Independently of Gegenbaur, Sir E. Ray Lankester proposed in 1870 a
genetic definition of homology.[385] He proposed, indeed, to do away with
the term homology altogether, on the ground that it included many
resemblances which were obviously not due to common descent--as, for
instance, the resemblance of metameres. So, too, organs which were
homologous in the ordinary sense, as the heart of birds and mammals,
might have arisen separately in evolution. He proposed, therefore, that
"structures which are genetically related, in so far as they have a
single representative in a common ancestor," should be called
_homogenous_(p. 36). All other resemblances were to be called
_homoplastic_. "Homoplasy includes all cases of close resemblance of
form which are not traceable to homogeny, all details of agreement not
homogenous, in structures which are broadly homogenous, as well as in
structures having no genetic affinity" (p. 41). Serial homology, for
instance, was a case of homoplasy.

The term "analogy" was to be retained for cases of functional
resemblance, whether homogenetic or not.

The attempt was an interesting one, but most morphologists wisely
adhered to the old concept of homology, in spite of Lankester's
declaration that this belonged to an older "Platonic" philosophy, and
ought to be superseded by a term more consonant with the new philosophy
of evolution.

[366] _Generelle Morphologie der Organismen. Allgemeine
Grundzuege der organischen Formenwissenschaft, mechanisch
begruendet durch die von Ch. Darwin reformierte
Descendenztheorie_. Berlin, 1866. Reprinted in part as
_Prinzipien der generellen Morphologie der Organismen_.
Berlin, 1906.

[367] He mentions as his predecessors in this field,
Bronn, J. Mueller, Burmeister, and G. Jaeger.

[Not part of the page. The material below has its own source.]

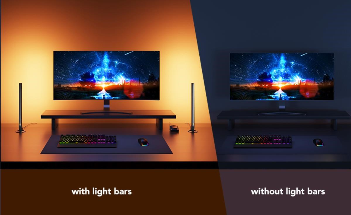 Vylepšete své herní, filmové a hudební zážitky s chytrými světelnými panely Govee Smart Gaming. 16 milionů barev s 62 režimy a 8 režimů pro synchronizaci s hudbou povznesou zážitek ze sledování televize nebo hraní her na novou úroveň. Ovládají se hlasem přes Siri, Amazon Alexa nebo Google Assistant, přes aplikaci nebo přes Smart Dual ovladač. Nebudete proto ani muset vstávat z gauče. Barevné podsvícení opticky zvětšuje obraz, šetří oči a má živostnost až 50.000 hodin.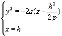 из которых следует, что при любом h в сечении получается парабола, направленная вниз, а вершина её лежит на параболе, определённой уравнениями (10). Рассмотрим сечения параболоида плоскостями z=h, параллельными плоскости Oxy . получим уравнения

[368] In _Grundriss einer Allgemeinen Naturgeschichte der
Radiolarien_, Berlin, 1887, and _Kunstformen der Natur_,
Suppl. Heft, Leipzig.

[369] Haeckel had an intense admiration for Goethe's
morphological work. It is a curious coincidence that the
work of Goethe, Oken and Haeckel was closely associated
with the town of Jena.

[370] But he himself would not admit this! See _Gen.
Morph._, ii., p. 11.

[371] _Fuer Darwin_, 1864. Eng. trans, by Dallas as _Facts
and Arguments for Darwin_, London, 1869.

[372] The bion is the physiological, as the morphon is the
morphological, individual.

[373] See Vogt, _Embryologie des Salmones_, p. 259, 1842,
and _supra_, p. 230.

[374] _An Essay on Classification_, London, 1859.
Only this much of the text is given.